Inflammation reduction- Laser therapy “promotes lymphatic flow, reducing inflammatory edema. Edema, or abnormal fluid build up, causes discomfort for your pet.
Increases and accelerates tissue repair- This one is pretty straight forward, but laser therapy puts the energy into your pet’s cells that they need to heal and regenerate, increasing the speed with which cells can grow and repair.
Improves circulation: New capillaries are stimulated to form within the damaged tissues of your pets injury, and more blood flow means more healing!
Increases production of cellular activity- Basically, more cellular activity means the creation of healthy cells and in the long and short of it, healing.
Reduces scar tissue formation: By allowing wounds to heal faster, laser therapy reduces the formation of scar tissue, which can often be painful and uncomfortable in and of itself.
Improves nerve function: Laser allows nerve cells to regenerate at a faster and more efficient rate, getting your pet back to normal sensation and feeling and quality of life sooner rather than later.
Speeds wound healing- Laser therapy, or PBM, increases the production of fibroblasts, which essentially help build collagen, an essential element of tissue repair.

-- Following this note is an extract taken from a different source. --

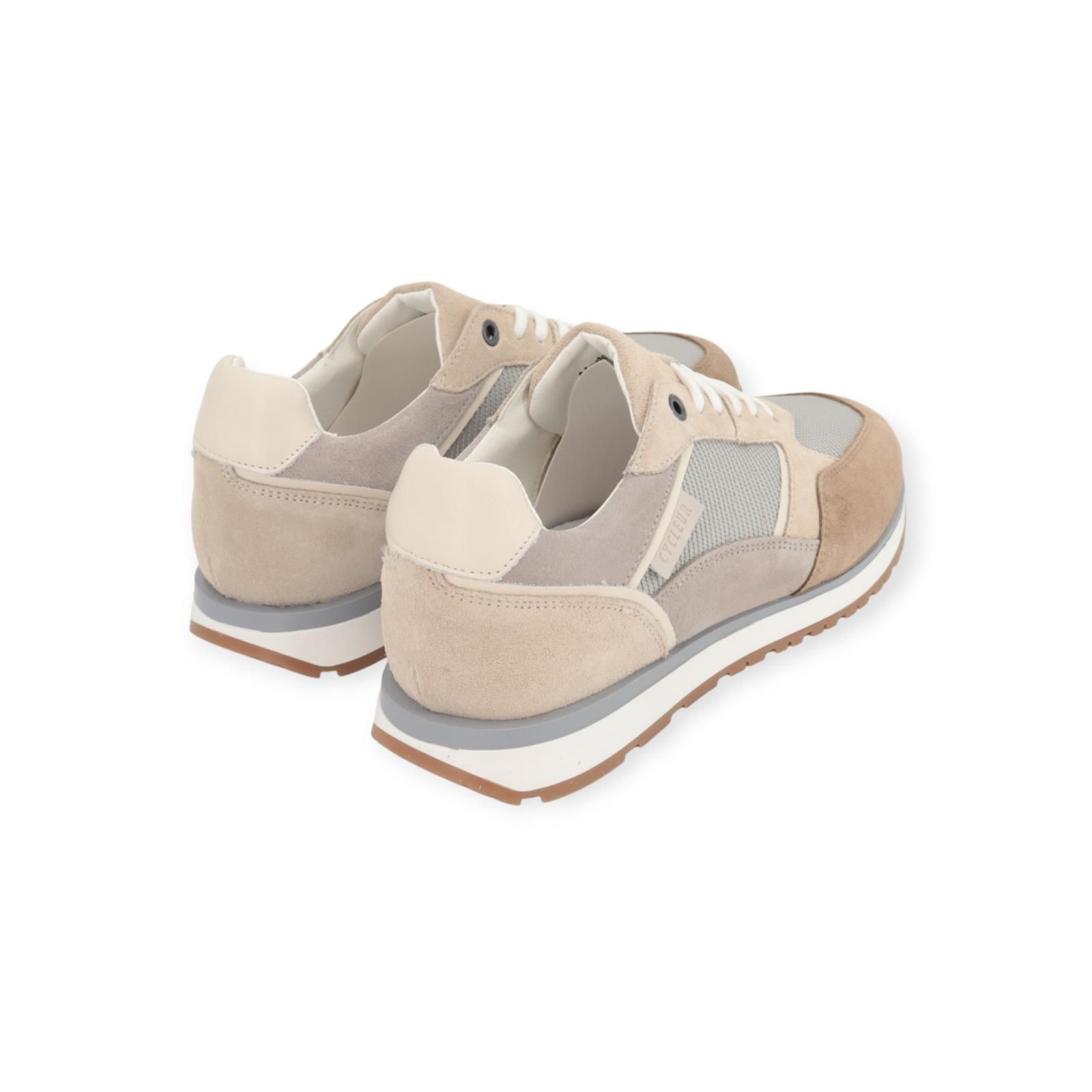 Sneaker P4 VAN Cycleur De Luxe voor heren. Deze runner is in beige suède tinten met grijze mesh. Afgewerkt met off wit leer en witte veters, met een 2laag zool in grijs en wit. De binnenzool is uitneembaar.
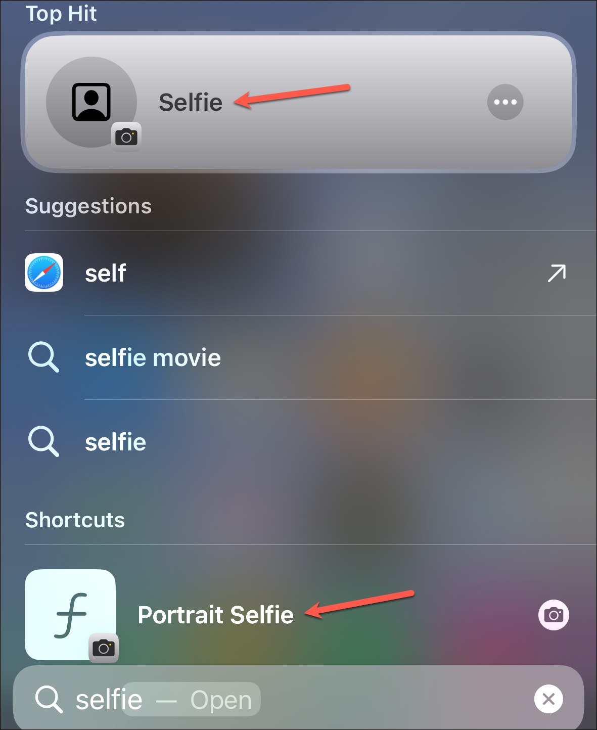 - Here's another example to help you understand this feature better. If you search for "selfie", you'll get Camera app shortcuts for directly opening the 'Selfie' or 'Portrait Selfie' camera.

With more collegan, tissues heal faster.
Stimulates accupuncture and “trigger points”- This gives your pet the benefit of acupuncture, immediate pain relief and stress reduction, without needles!
Alright. So basically, laser therapy, or PBM, “stimulates [your pet] to heal themselves.” All of the benefits of laser therapy are things that, as medical professionals, we have been hoping to be able to offer our patients. Thankfully, laser therapy has answered our prayers.
I hope that this information has cleared up some of the most common questions that clients often have when I start talking about laser therapy.
It’s difficult to explain sometimes, as not everyone can easily understand scientific terms and explanations (I know I can’t! Hello, liberal arts degree!). However, Dr. Riegal was able to break down the basic components and benefits of laser therapy in a way that I could even understand. It’s so important to me, and everyone here on Greenbriar’s rehab team, that you really understand why this is such a great option and plays a crucial part in your pets recovery from whatever ailment they may have been suffering from.
Still not convinced? Well, you’ll just have to see it to believe it 🙂
Contributed by ErinToman

4 Responses

  1. Shad Morris says:

    Wow, I had no idea that there were so many uses of the laser in the veterinary world! One that really stands out to me is the main relief. I know that it would be nice to get your dog feeling better again, and it sounds like this one could help a lot.

  2. Erin Toman says:

    Yes, the benefits of laser therapy are huge! It’s so wonderful to be able to provide a service that genuinely works and gets our fur babies back to a more comfortable state. Please feel free to give us a call, I’d love to tell you more about it!

    Erin

  3. My dog has been having issues with her paw. Her claws have been breaking, so we’re looking for treatment options. I didn’t realize laser nail treatment can help dogs with any pain they have in the area to ensure they feel better. I’ll be sure to remember this info moving forward.

  4. Joy Butler says:

    It’s awesome that this article talked about pet laser therapy. Your explanation, as well as the comments here, gave me a relief! We have a senior dog pet named Doggie and his paw needs a treatment. I am so glad that this will be a big help, thanks!